Конечно, к этой рати не сводится отечественная история. И Калка тоже помянута (впрочем, вскользь: в упрёк Блоку, что тот, «провидя Непрядву, не ведал о Калке». Но «колченогая тень Т амерлана» — тут как тут. И золотоордынскому хану Ахмату, бежавшему от Ивана III с Угры, тоже сказано в спину всё, что полагается про «иго». И Гришке Распутину, а с ним Тушинскому вору разъяснено, что им бы с Русью вовек не управиться. И хазарам, а также волжским булгарам указано место. «В лесах, кишащих чудью, вепсью, мерью» — место, отвоёванное у матери-истории святыми благоверными русскими воинами.

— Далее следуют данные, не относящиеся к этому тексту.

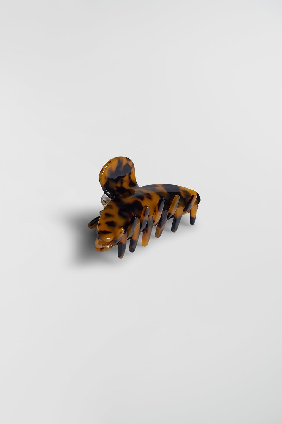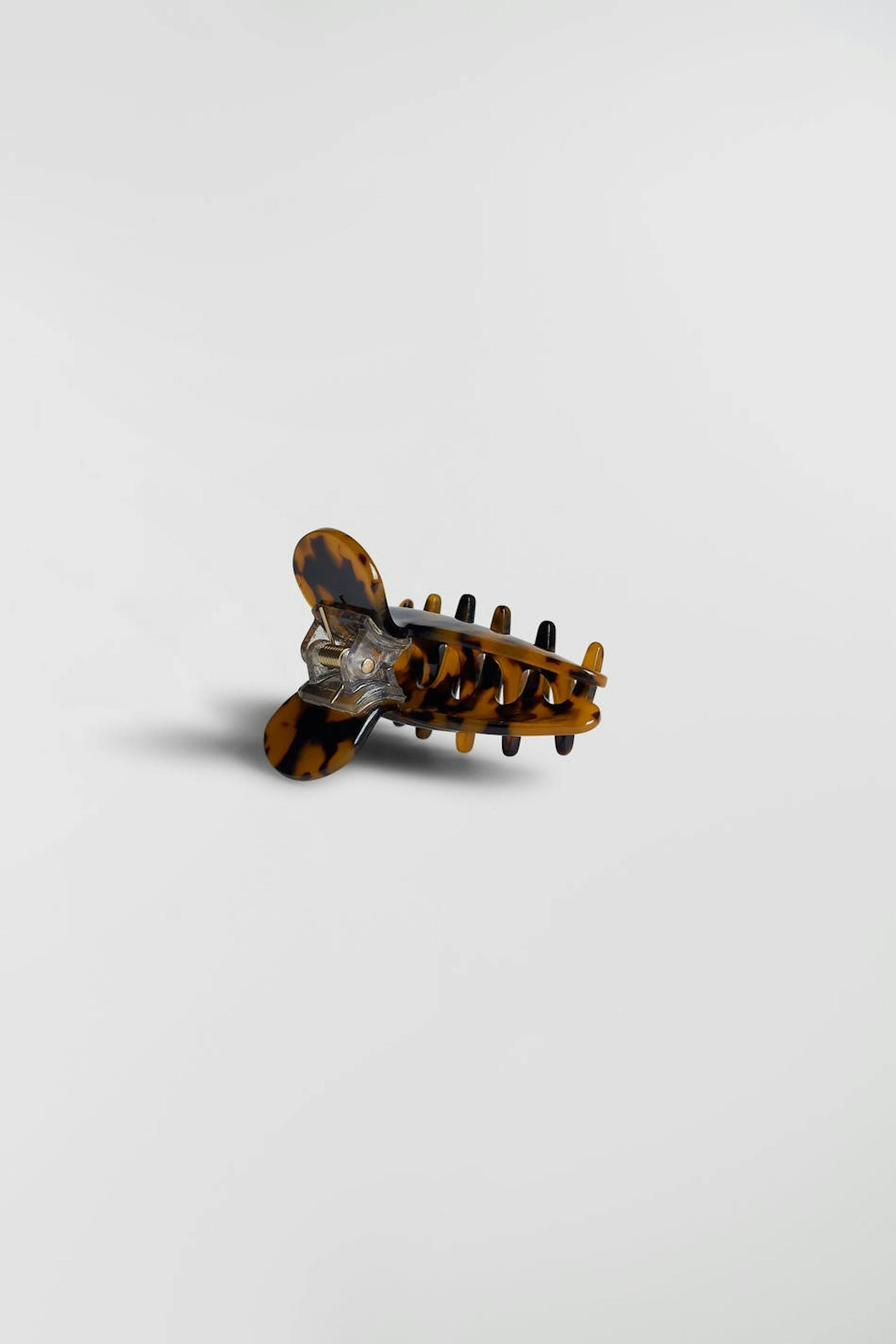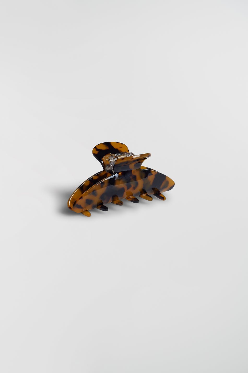 Klassisk hårklemme med et meleret mønster. Hårspændet er brunt, sort og stort.

И всё-таки оглушительным эхом пронзает всю эту жуть Куликовская битва. Гениальный стратег Дмитрий Боброк подаёт нам весть из своей легендарной засады. «Двести дубовых колод, наполненных мёдом, сохраняющим тела наиболее знатных погибших ратоборцев, направлены в скорбный обратный путь — в Московию» — хочется оплакать каждого. Навек врезана Непрядва в память Руси. От неё отсчёт — на Запад и на Восток. От Запада и от Востока упор.

И лежит за Великими поймами Рек, 
смывающих прошлого груз, 
Гулевая, святая, пропойная, 
Неуёмная — вечная Русь!

Русью начато, Русью и завершится Вселенское колесо Андрея Шацкова.

Но разберёмся сначала с Западом и Востоком.

На Западе, конечно, враги, но какие-то привычно терпимые. Ливонцы, литовцы. Надменные потомки тевтонов. Не столько к нам лезут, сколько нас до себя не допускают. А нам туда очень хочется? Не очень. Разве что порыбачить. Да на этот счёт у нас есть свой Сенеж.

«Не в Темзе ж рыбачить, не в Сене ж», — снимает Шацков с проблемы философское грузило. Но оно свинцовой тяжестью обнаруживает себя в следующем рассуждении: «Мы веруем во “Единого Бога”, а не “Бога и Сына”, как латины, и наш символ веры освящает истинную соборность, а не иерархическую лестницу католических чиновников, главный из которых Папа Римский. И в этой суровой борьбе двух миров икона — окно в мир горний — являет собой более прямой путь к истинному Богу, нежели много численные схоластические изыскания».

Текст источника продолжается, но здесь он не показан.